▶ [INFORMATION PROVIDED]
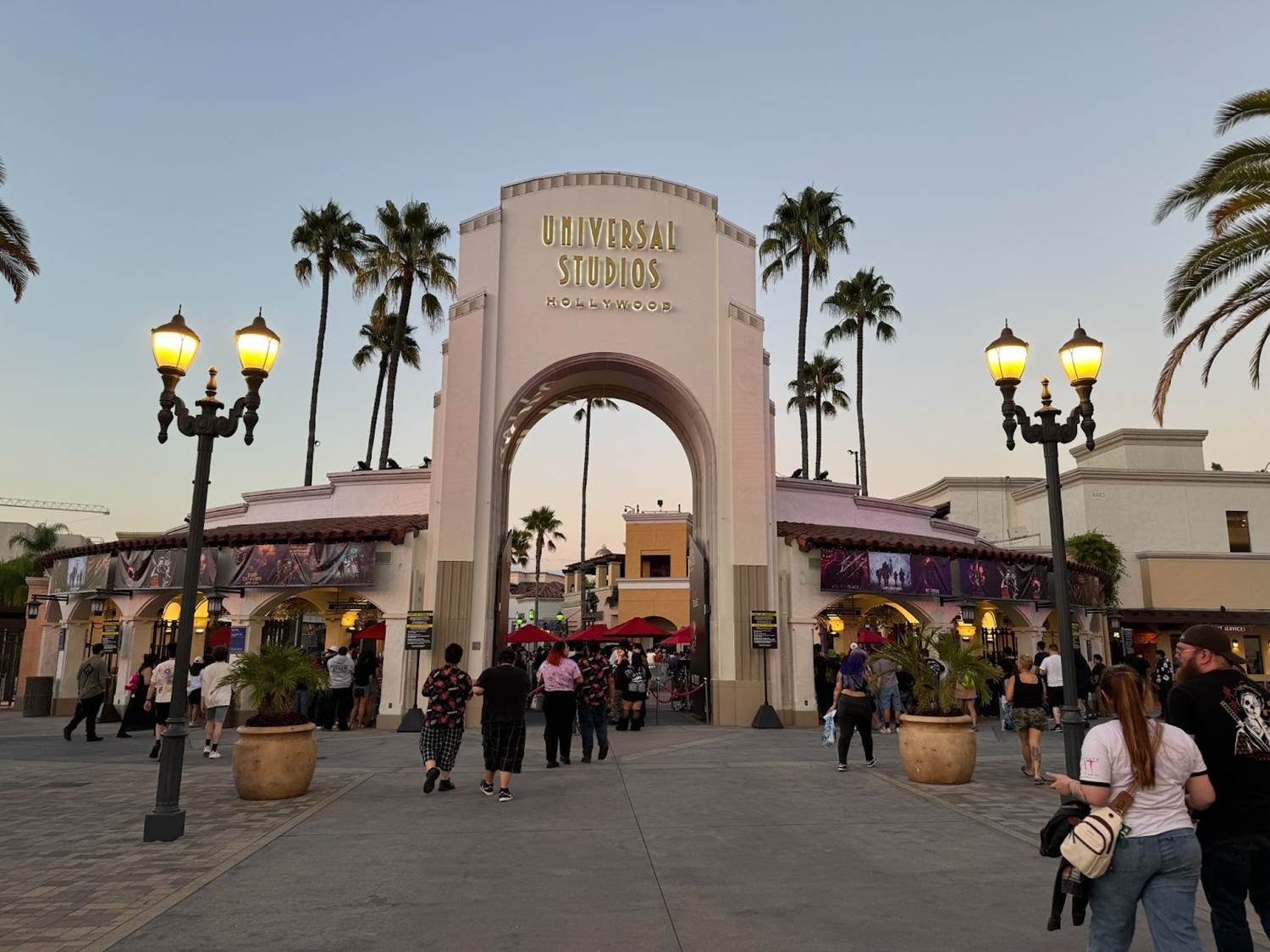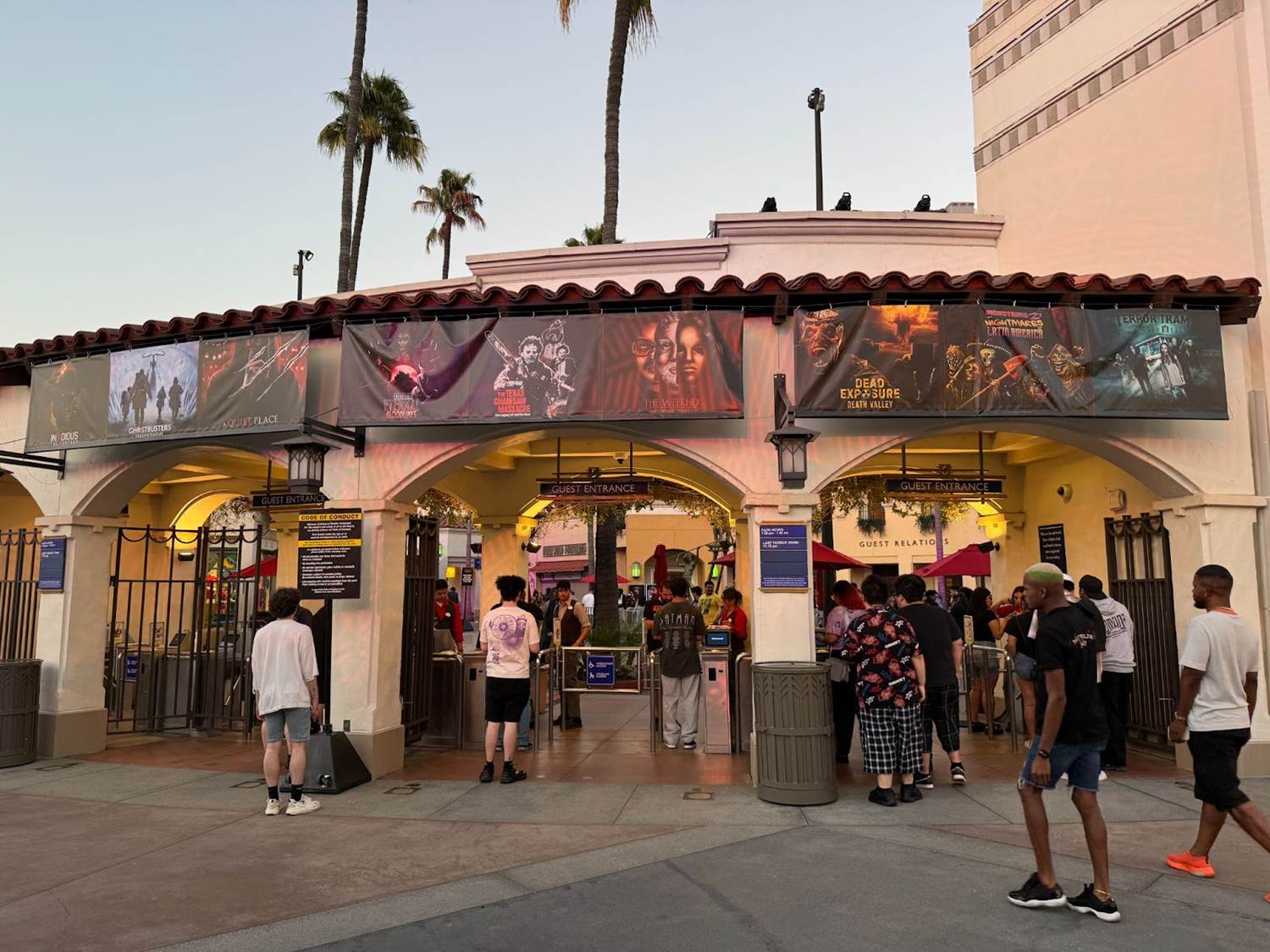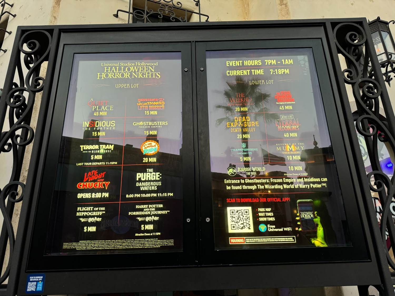 As we entered Universal Studios Hollywood itself, we found the entrance to the theme park decked out with banners and signs promoting Halloween Horror Nights. And within, there was a departure board letting guests know how long they could anticipate waits for haunted houses and other attractions being around the park.
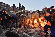Some Chinese personnel in Turkey assisted the rescue of several residents trapped by earthquake damage.[76][77] By 13 February, Chinese teams in Malatya had removed 25 residents from under the rubble, 9 of whom were still alive.[78][79] By 15 February, the Chinese team in Kahramanmaraş rescued 11 people before returning to China.[80][81] As of 18 February, 600 tons of aid from China had been sent to Turkey.[82]
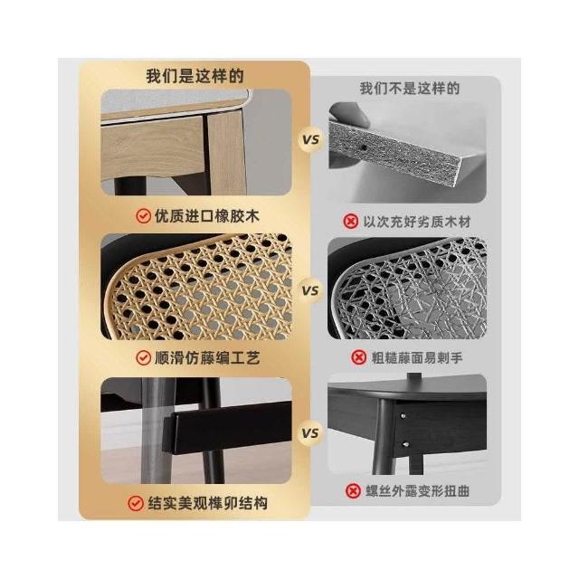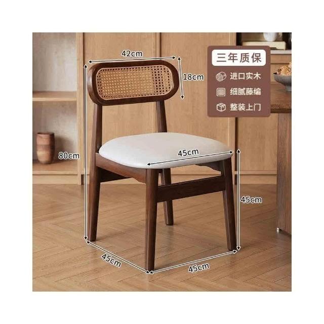 中古餐椅家用藤編椅子法式復古高級靠背椅實木藤椅黑色輕奢餐桌椅

▶ [PROBLEM STATEMENT]
Retype only the lines from the line with "Some Chinese personnel" through the last line of the data. Keep both ends and skip the pictures.

▶ [EXERCISE RESULT]
Some Chinese personnel in Turkey assisted the rescue of several residents trapped by earthquake damage.[76][77] By 13 February, Chinese teams in Malatya had removed 25 residents from under the rubble, 9 of whom were still alive.[78][79] By 15 February, the Chinese team in Kahramanmaraş rescued 11 people before returning to China.[80][81] As of 18 February, 600 tons of aid from China had been sent to Turkey.[82]
 中古餐椅家用藤編椅子法式復古高級靠背椅實木藤椅黑色輕奢餐桌椅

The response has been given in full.